12:30 PM
Overcoming Barriers to Integrated Risk Management
Insurance is about managing risk across multiple risk types. In fact the insurance company's raison d'être is to accept structured uncertainty and manage the associated risks with the goal of capitalizing on these risk differences to satisfy customers' needs for protection and earn profits. However, in a market environment where competition, globalization, market volatility and structural change are increasing, insurance companies need to manage their risks and service even better and with greater transparency.
While risk management is an accepted priority, it also can become a very political endeavor, depending upon the culture and aggregate claims experience. The challenge is implementing an integrated approach that can be ingrained across the insurance organization and in customer risk management practices. Without a coordinated risk management strategy, organizations will continue to struggle with unsatisfactory policy iterations before risk-handling procedures and controls are efficiently aligned to stabilize productive relationships.
Insurance companies need to tackle three important barriers to ensure a successful, integrated risk management process within their underwriting practices:
1. Lack of Consistent Measurement Methodology
Underwriting risk measurement is complex, and no methodology will accurately capture the full picture for forecasting losses. This is further complicated by the lack of consistency across various institutions' approaches for reporting losses and settling claims.
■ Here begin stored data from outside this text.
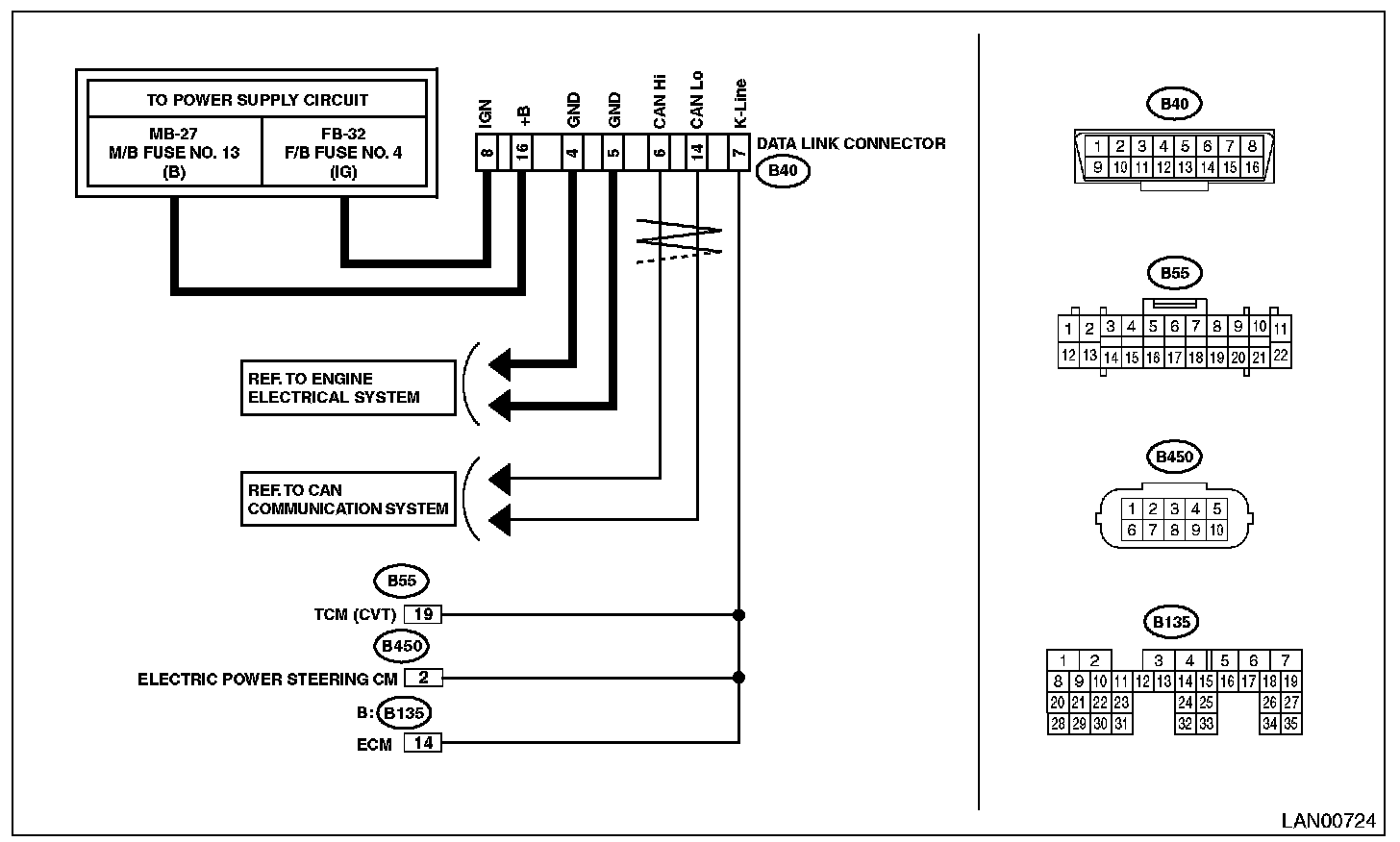 - INSPECTION using the communication for initializing of Subaru Select Monitor cannot be used to diagnose the wiring location marked with "-". Example of DTC data not received LAN System (Diagnostics) and DTC matrix LAN System (Diagnostics) should be used to identify the faulty portion.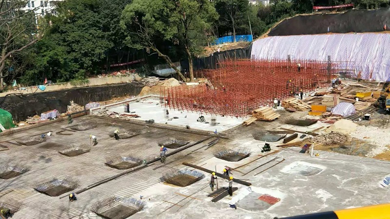 目前,項目北入口地下車庫主體結構即將封頂,廣場鋪裝、綠化施工正在穩步推進,各主游路路基及級配碎石層已施工完成,游路水穩層及綠化施工正在緊鑼密鼓的進行。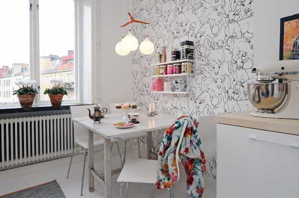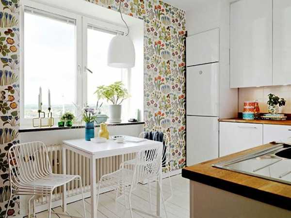 Белоснежный и близкие к нему пастельные цвета обоев представляют собой идеальный фон для любых дополнений. Такие стены сделают кухню просторнее, а любые контрастные рисунки и яркая мебель будут смотреться максимально выигрышно.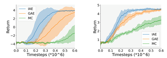 在该方法中,存在于环境中的独立性可以用来构建一个基于重要性采样 (importance sampling) 的优势函数估计量。该估计量可以忽略未来无关的部分奖励,从而减小估计中的方差。为了进一步减少优势函数估计的方差,研究员们把该估计量和已有的蒙特卡洛估计量进行融合,并将最终的优势函数估计量命名为 IAE (Independence-aware Advantage Estimation)。实验结果表明,在策略优化算法中,IAE 与现有的优势函数估计方法 (GAE, MC) 相比,达到了更高的样本利用率。

The more detailed, extensive — and yet flexible — the underlying loss control documentation, the more an insurance company can devise granular risk retention strategies based on informed insights into customer segmentation.
2. Hidden Information Gaps in the Quantification of Risk
To the extent that an institution has a good understanding of its portfolio risks and exposures -- where, what and how much -- it can be proactive in its underwriting strategy. However, such transparency is not easy to come by without significant investment in systems, analytics tools and sophisticated modeling techniques that can be applied at the customer relationship level. Frequently risk prevention measures are brought in after the event, in a reactive fashion. To what extent is the underwriting manager fully aware of the existing risks? Are business units still making decisions without coordinating and communicating exposures to the customer? These information gaps represent an unknown risk exposure, and the insurance company is not even in the position to decide how to mitigate these risks. This leads naturally to the next barrier ...
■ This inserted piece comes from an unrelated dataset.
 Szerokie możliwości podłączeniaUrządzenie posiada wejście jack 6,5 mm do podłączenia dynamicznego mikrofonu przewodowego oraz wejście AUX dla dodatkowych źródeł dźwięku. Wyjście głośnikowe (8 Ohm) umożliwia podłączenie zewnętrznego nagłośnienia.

3. Lack of Integrated Risk Procedure Ownership
Active risk management is also about ensuring that the full organization identifies with and takes ownership of its own risk mitigation responsibilities. Underwriting cannot sit in its organizational silo and be disconnected from risk management decisions across the business. Pushing risk awareness and loss control procedures down into various functional roles will help establish a coordinated and proactive approach to risk management. In fact different functional roles are directly associated with certain types of risk, including operational risk. The greater their ability to communicate risk concerns, identify risk patterns and support the development of appropriate risk controls, the more effective risk management capabilities will be for profitable long-term customer relationships.
Business Intelligence: Mitigating Risk Through Greater Information Insights
In response to these issues, insurers have realized that one of their most valued and differentiated assets is information — which, when applied to address an important business decision, becomes business intelligence (BI).
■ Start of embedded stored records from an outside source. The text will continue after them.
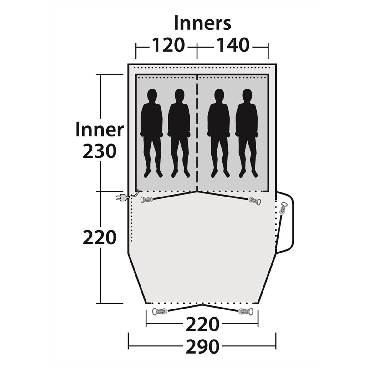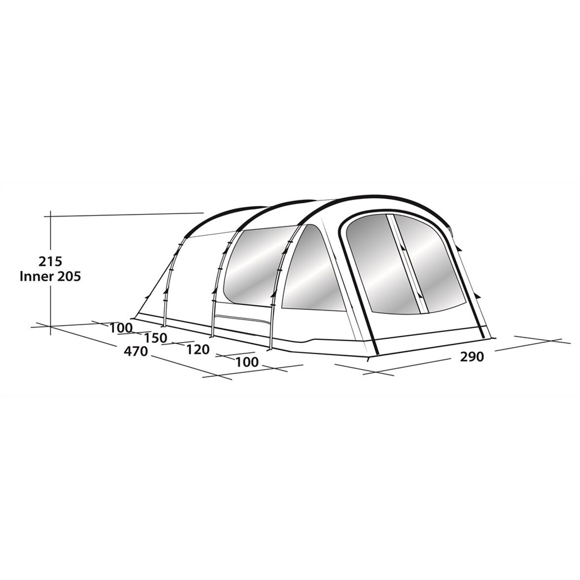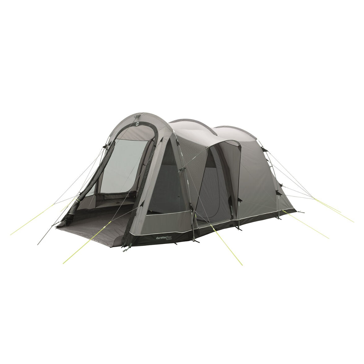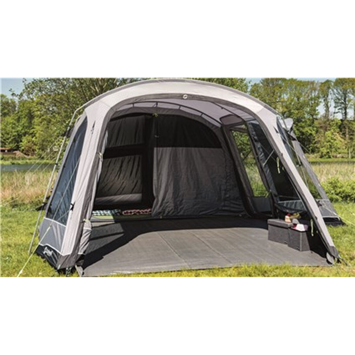 Der Boden ist vollständig an die Zeltplane versiegelt, was vor Kältezug, Feuchtigkeit und Insekten schützt. Dies zusammen mit den großen getönten Panoramafenstern, den extra geräumigen Schlafzimmern mit niedrigem Lichtdurchlass und dem regengeschützten Eingang bietet ein Familienzelt, das sowohl angenehm als auch komfortabel zu bewohnen ist.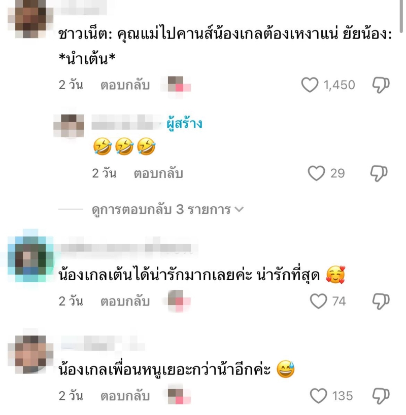 อีกทั้งยัง คอมเมนต์แซวกันสนั่นโซเชียล เช่น ชาวเน็ต : คุณแม่ไปคานส์น้องเกลต้องเหงาแน่ๆ ยัยน้อง : นำเต้น , น้องเกลเต้นได้น่ารักมากเลยค่ะ น่ารักที่สุด , น้องเกลเพื่อนหนูเยอะกว่าน้าอีกค่ะ เป็นต้น
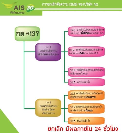 สรุปผังรายการยกเลิกข้อความ SMS ผ่าน *137 ของแต่ละโอเปอเรเตอร์

Many leading insurers have incorporated BI as an integral part of their business strategies and are looking to move beyond historical reporting to a higher level of predictability and business insight. Their goal is to embed analytics into critical underwriting processes to more easily determine factors impacting the performance of products, reconfigure coverage based on risk and better manage pricing.
The timing of these new BI initiatives couldn't be better. The industry is still struggling to overcome the limitations of early generations of insurance systems, predominantly mainframe-based and homegrown systems that were designed to process transactions — not to transform data into actionable information for underwriting decision making in alignment with enterprise risk policy.
Thankfully, this is changing as BI products that let insurance managers take the pulse of their underwriting operations are becoming more widely adopted. Key capabilities include:
- Reporting and Analysis — providing up-to-the-minute answers to the "Why" behind an insurance company's underwriting performance, drawing upon any data source, both internal and external.
- Scorecards — letting insurers set warning indicators based on key underwriting performance metrics, such as limiting exposure in a certain geographic area, line of business or product.
- Dashboards — offering gauges, charts, maps and other graphic elements to translate complex information into a dynamic, at-a-glance view of business conditions.
In the end the market will separate winners from losers. Insurance carriers that make strategic investments in business insight — to improve business efficiencies, optimize underwriting practices, mitigate risk exposures accordingly, and grow and scale their businesses profitably — will be best positioned to prosper in the months and years ahead.